175 jobs to go as 'pay day' lender shuts Irish office

Barry Maloney
Barry Maloney

Brian Byrne

An Irish-backed 'pay day' loan provider which once charged an annual percentage rate (APR) of almost 6,000pc is expected to shut its Dublin office with the loss of 175 jobs.

Britain's biggest short-term loan provider, Wonga, announced its intention to close its office on Sir John Rogerson's Quay by mid-2016 as part of a bid to reduce its "high cost base".

Wonga is backed by Balderton Capital, a venture capital firm founded by former chief executive of Esat Digifone, Barry Maloney.

The Irishman's firm was named last year as one of the companies which used Luxembourg's complicated corporate structures to lower its tax liability.

Wonga chairman Andy Haste said the company "can no longer sustain its high cost base which must be significantly reduced to reflect our evolving business and market".
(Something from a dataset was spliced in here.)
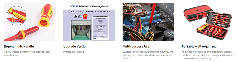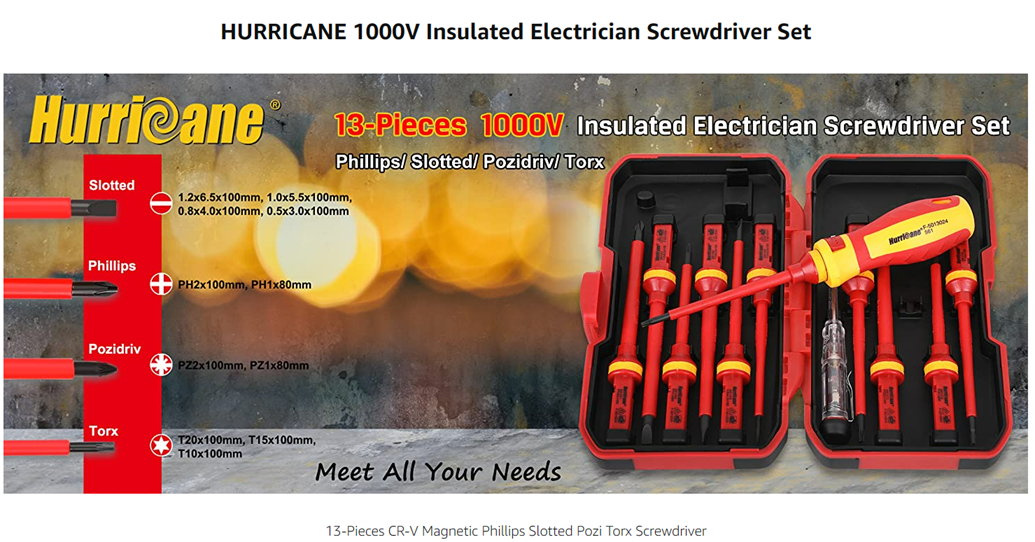 CR-V Insulated Electrician Screwdriver Set with Magnetic, Phillips Slotted Pozidriv Torx tips.

A total of 325 jobs could go as part of the restructuring, with its office in Tel Aviv, Israel also due to shut later this year.
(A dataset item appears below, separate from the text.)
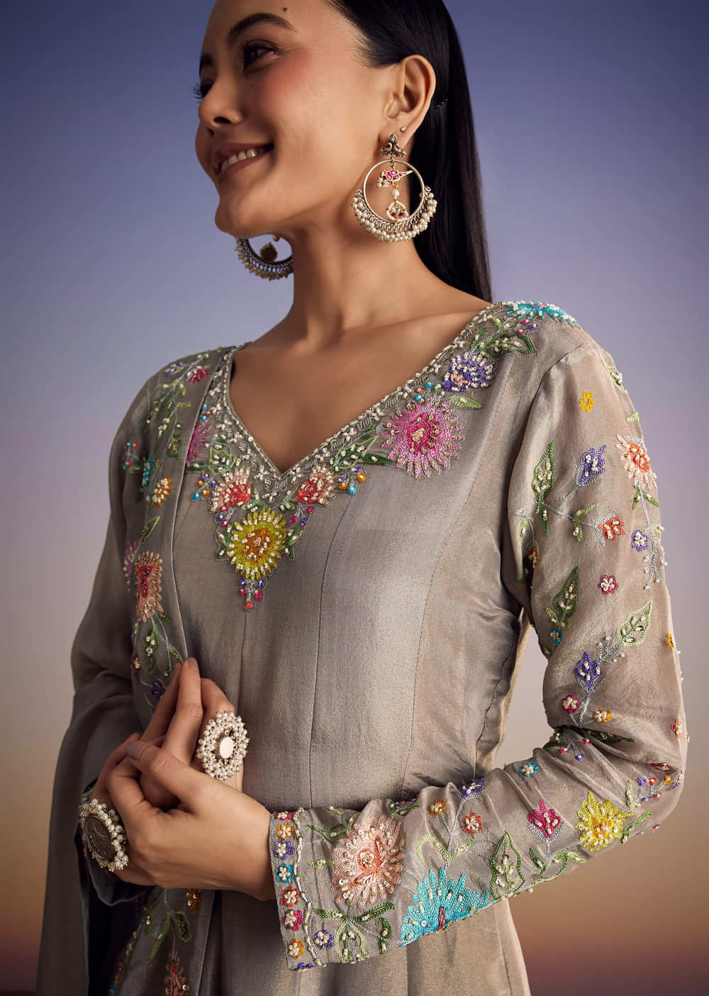 Grey Tissue Anarkali Set With Resham And Moti Work

As part of the restructuring plan, Wonga will now focus on its core consumer businesses in the UK and overseas.

The group is aiming to make overall cost savings of at least €34m across the next two years, after a period of rapid expansion that saw costs treble between 2012 and 2014.
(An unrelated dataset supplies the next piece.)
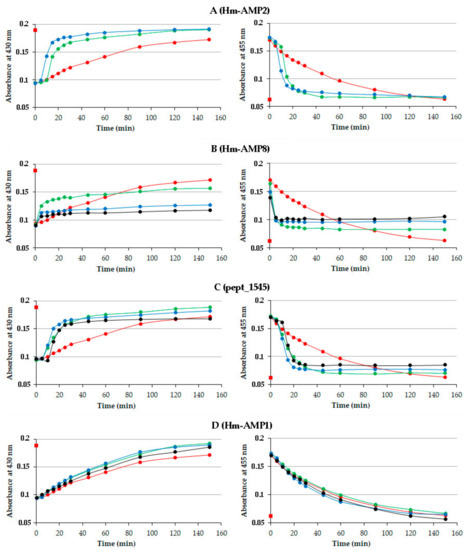 Time courses of spectral absorbance changes at 430 nm (indicative of MPO ground state) and 455 nm (indicative of Compound II) in the absence and presence of cationic antimicrobial peptides (CAMPs) in the system MPO/H2O2. The name of CAMP is given in parentheses after the panel designation (A–D). H2O2 (100 µM) was added to MPO (2 µM heme) or MPO preincubated with peptides at different peptide/heme molar ratios for 5 min in 10 mM Na-phosphate buffer, pH 7.4. Spectra were taken before and 0.25 min, 5 min, 10 min, and so on after adding H2O2. The initial absorbance values (before H2O2 addition) are shown as a red square marker. Red curve—MPO in the absence of peptides; green curve—peptide/heme ratio of 15 mol/mol; blue curve 3—peptide/heme ratio of 75 mol/mol, except for Hm-AMP2 for which it was 45 mol/mol; black curve—peptide/heme ratio of 100 mol/mol for Hm-AMP8 or 100 mol/mol and 125 mol/mol for pept_1545. Data are representative of three independent experiments.

Wonga's downsizing comes following a series of controversies which hit the industry last year.

The company, which employs 950 people internationally, was forced to pay out €3.5m in compensation to 45,000 customers last June after it issued fake legal letters to chase outstanding debts.

The announcement came on the same day the UK's Competition and Markets Authority announced new rules to force 'pay day' lenders to be more transparent about their charges.

Britain's Financial Conduct Authority tightened regulations on short-term loan providers since its appointment last April.

Such companies can no longer roll over a loan more than twice, or try to reclaim payment from a client's account more than twice.

A spokesman said Wonga offers a daily interest rate of 0.8pc on 30-day loans.

Mr Haste said: "Wonga can no longer sustain its high cost base. We've had to take tough but necessary decisions about the size of our workforce."